-- Material provided follows --
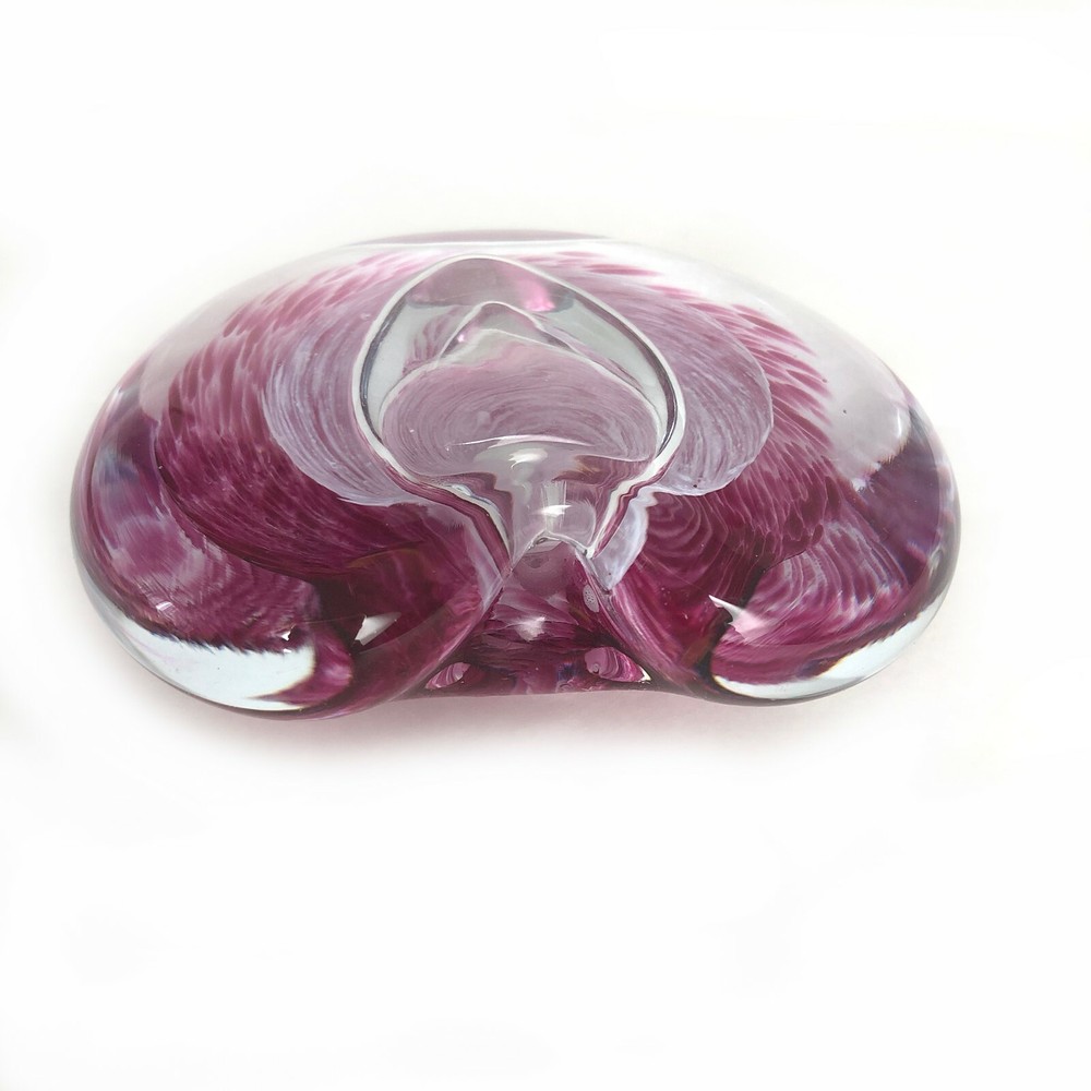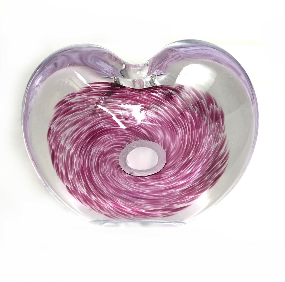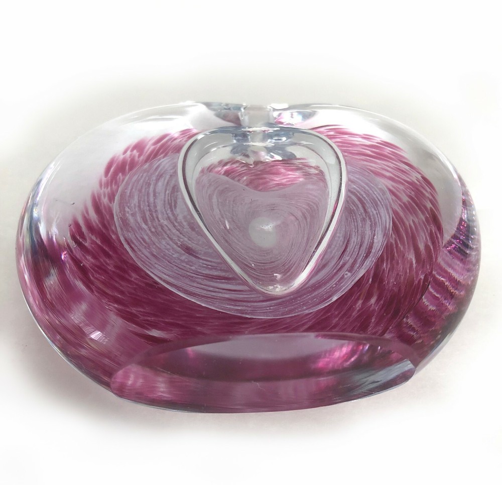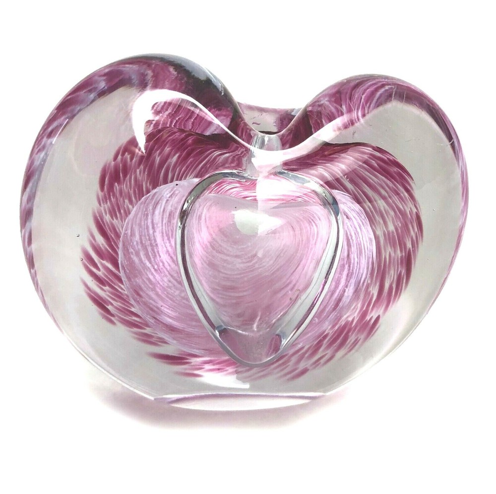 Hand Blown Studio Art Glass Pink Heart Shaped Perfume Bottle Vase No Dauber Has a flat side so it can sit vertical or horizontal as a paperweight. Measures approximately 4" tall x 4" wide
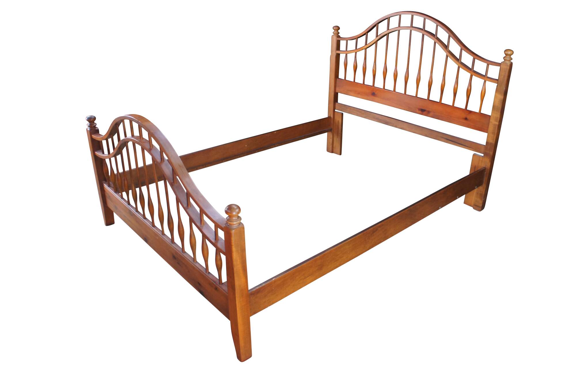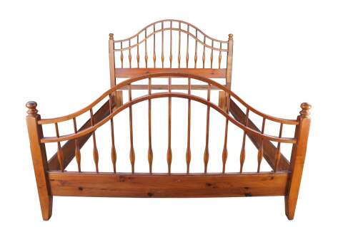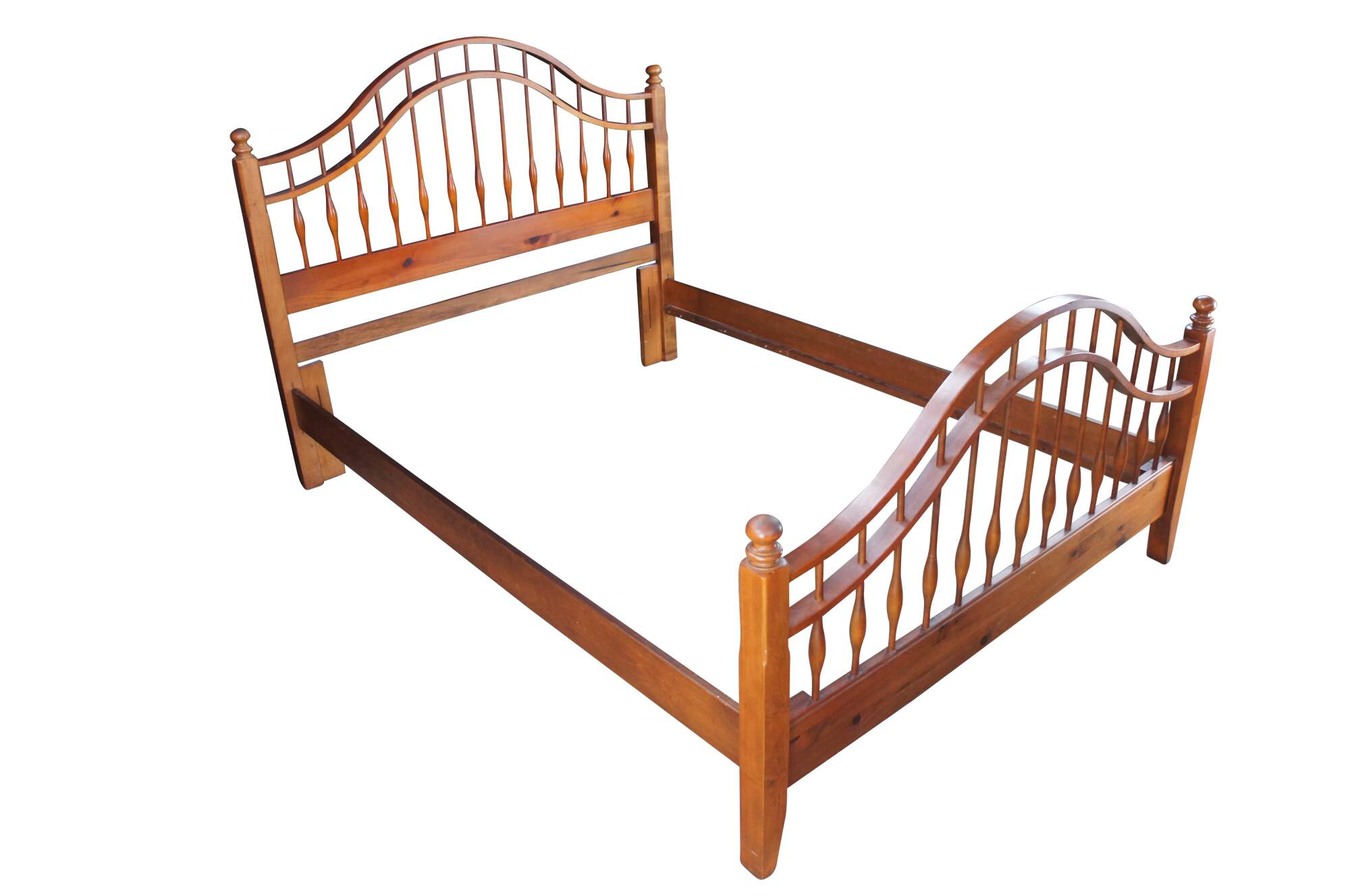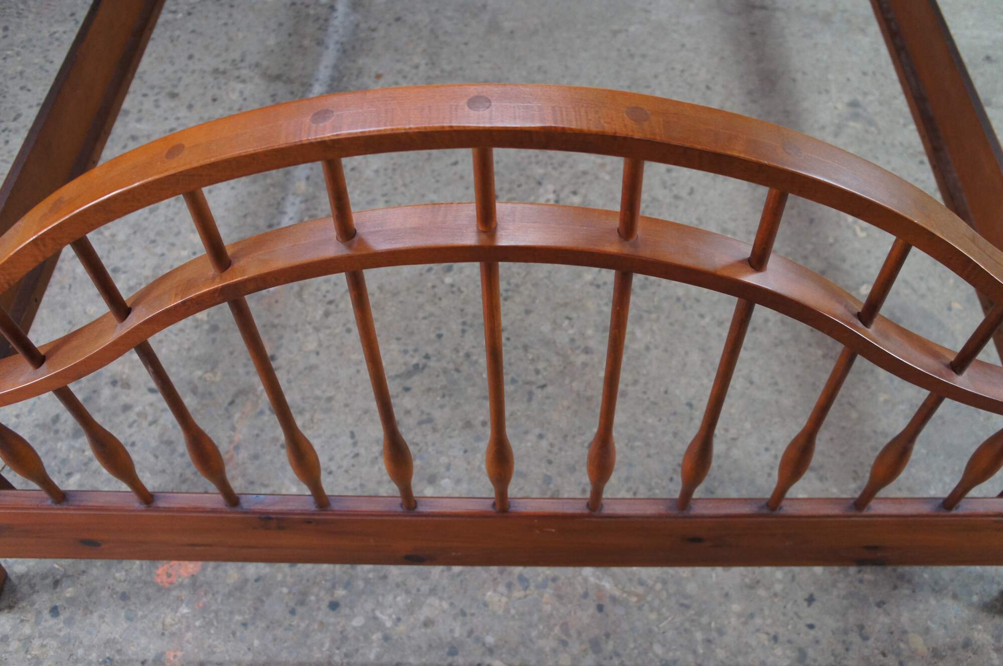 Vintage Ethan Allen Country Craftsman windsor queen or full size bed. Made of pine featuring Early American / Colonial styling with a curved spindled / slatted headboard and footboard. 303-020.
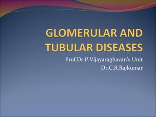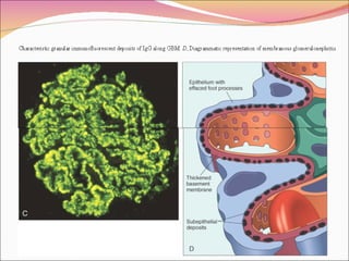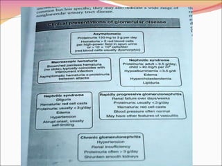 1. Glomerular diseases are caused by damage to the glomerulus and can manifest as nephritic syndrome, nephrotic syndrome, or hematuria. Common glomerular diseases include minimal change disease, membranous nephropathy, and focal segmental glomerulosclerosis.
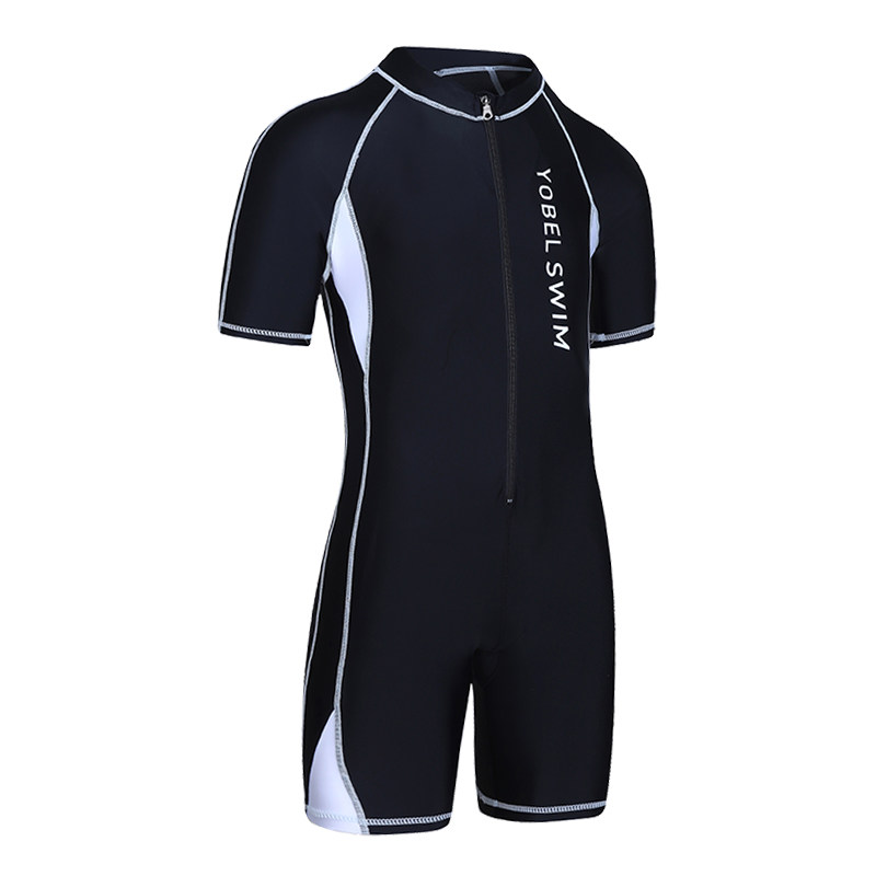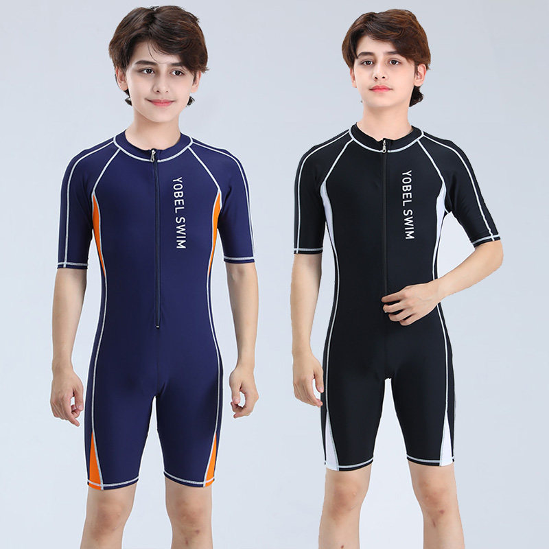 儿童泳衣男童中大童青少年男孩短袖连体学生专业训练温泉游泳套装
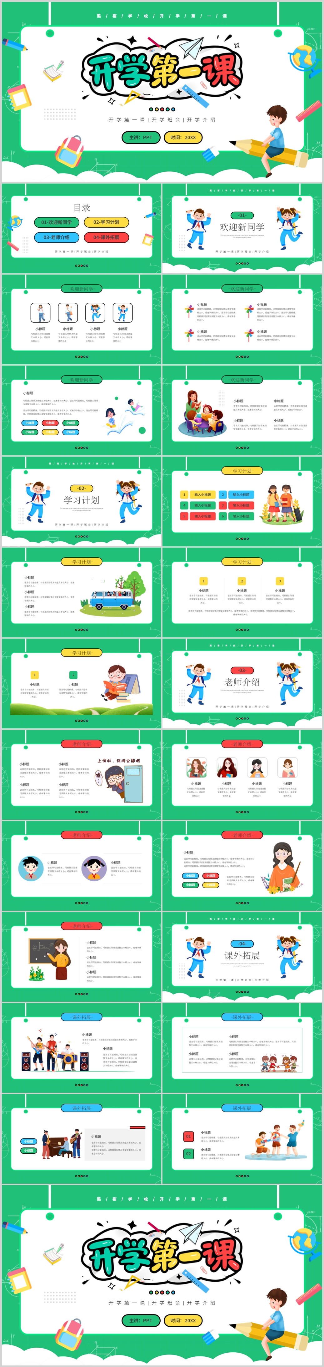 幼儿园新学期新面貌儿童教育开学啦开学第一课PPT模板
-- Material provided concluded --
_Exercise directions_: Retype the data above exactly; pictures are not part of the copy.

_Response to the task_:
 Hand Blown Studio Art Glass Pink Heart Shaped Perfume Bottle Vase No Dauber Has a flat side so it can sit vertical or horizontal as a paperweight. Measures approximately 4" tall x 4" wide
 Vintage Ethan Allen Country Craftsman windsor queen or full size bed. Made of pine featuring Early American / Colonial styling with a curved spindled / slatted headboard and footboard. 303-020.
 1. Glomerular diseases are caused by damage to the glomerulus and can manifest as nephritic syndrome, nephrotic syndrome, or hematuria. Common glomerular diseases include minimal change disease, membranous nephropathy, and focal segmental glomerulosclerosis.
 儿童泳衣男童中大童青少年男孩短袖连体学生专业训练温泉游泳套装
 幼儿园新学期新面貌儿童教育开学啦开学第一课PPT模板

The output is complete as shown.